# Input data:
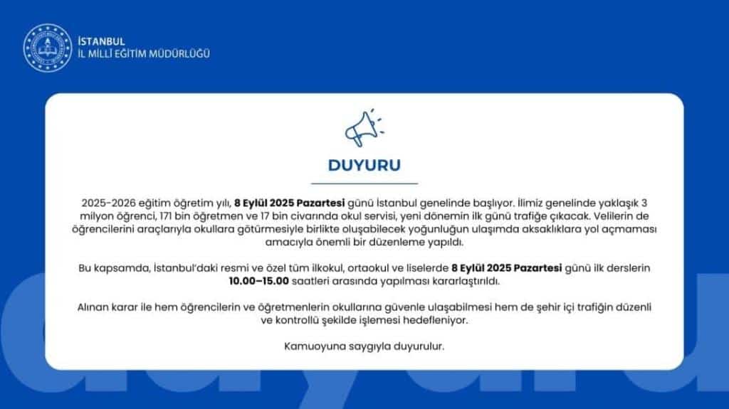 8 EYLÜL PAZARTESİ GÜNÜ OKUL DERS GİRİŞ-ÇIKIŞ SAATLERİ
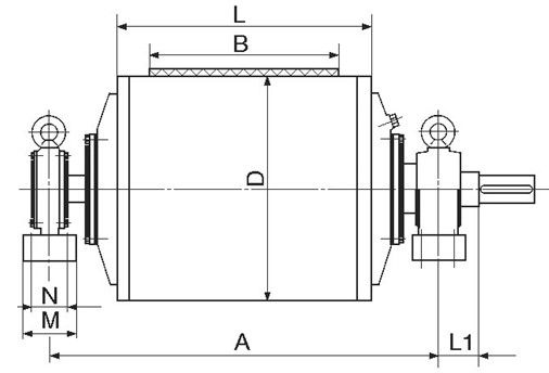 外置式電動滾筒是將電動機裝在滾筒體的外面、減速機構(gòu)裝在滾筒體內(nèi)部的一種新型電動驅(qū)動裝置。它不但具有原電動滾筒的所有優(yōu)點,而且克服了電動機散熱條件差、容易燒損、使用功率受剜限制的弱點,其功率可達160kW甚至更大。
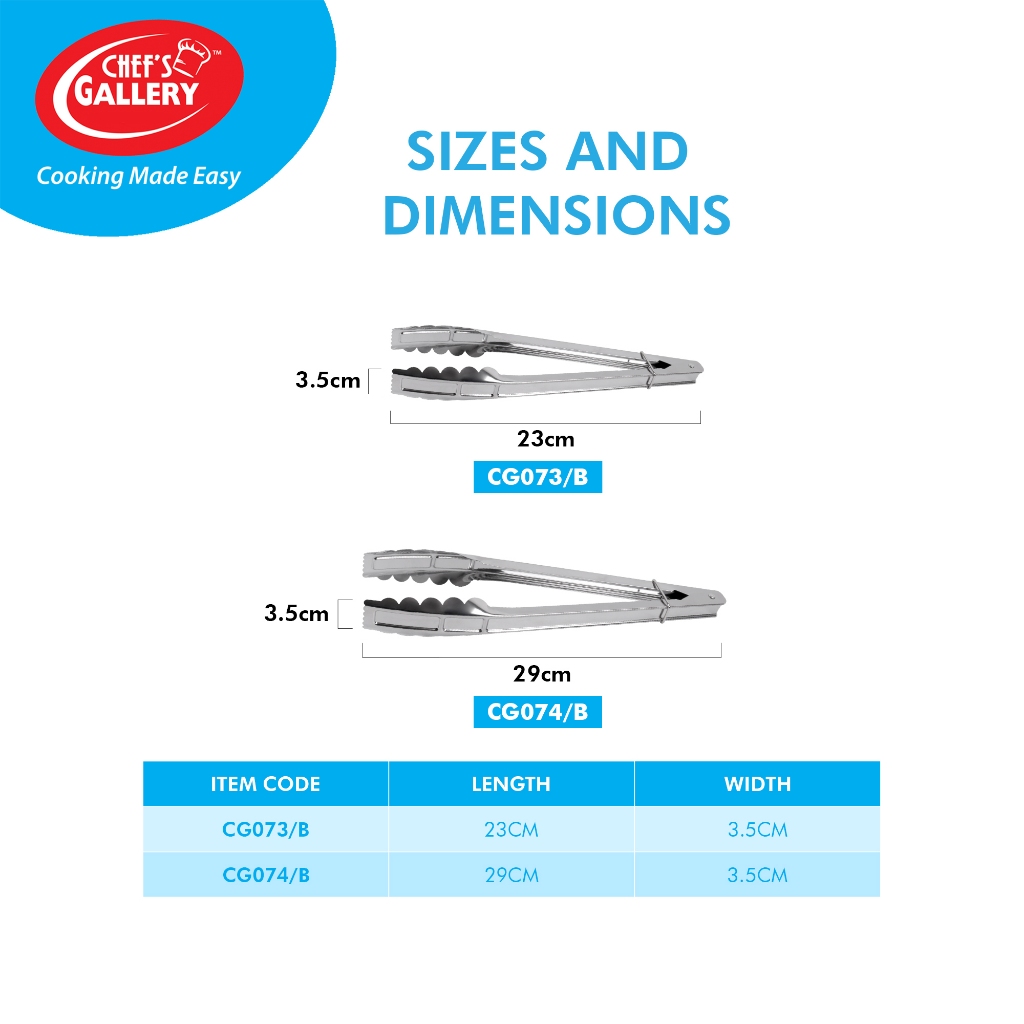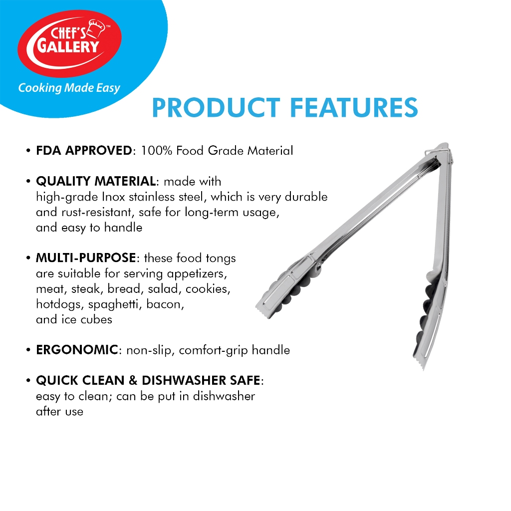 Chef's Gallery Food Tongs, Food Grade Material, Multi-Purpose Serving Tongs, FDA Approved

# Problem to work on:
When you repeat the data, keep every line exact and drop the images.

# Solved problem:
 8 EYLÜL PAZARTESİ GÜNÜ OKUL DERS GİRİŞ-ÇIKIŞ SAATLERİ
 外置式電動滾筒是將電動機裝在滾筒體的外面、減速機構(gòu)裝在滾筒體內(nèi)部的一種新型電動驅(qū)動裝置。它不但具有原電動滾筒的所有優(yōu)點,而且克服了電動機散熱條件差、容易燒損、使用功率受剜限制的弱點,其功率可達160kW甚至更大。
 Chef's Gallery Food Tongs, Food Grade Material, Multi-Purpose Serving Tongs, FDA Approved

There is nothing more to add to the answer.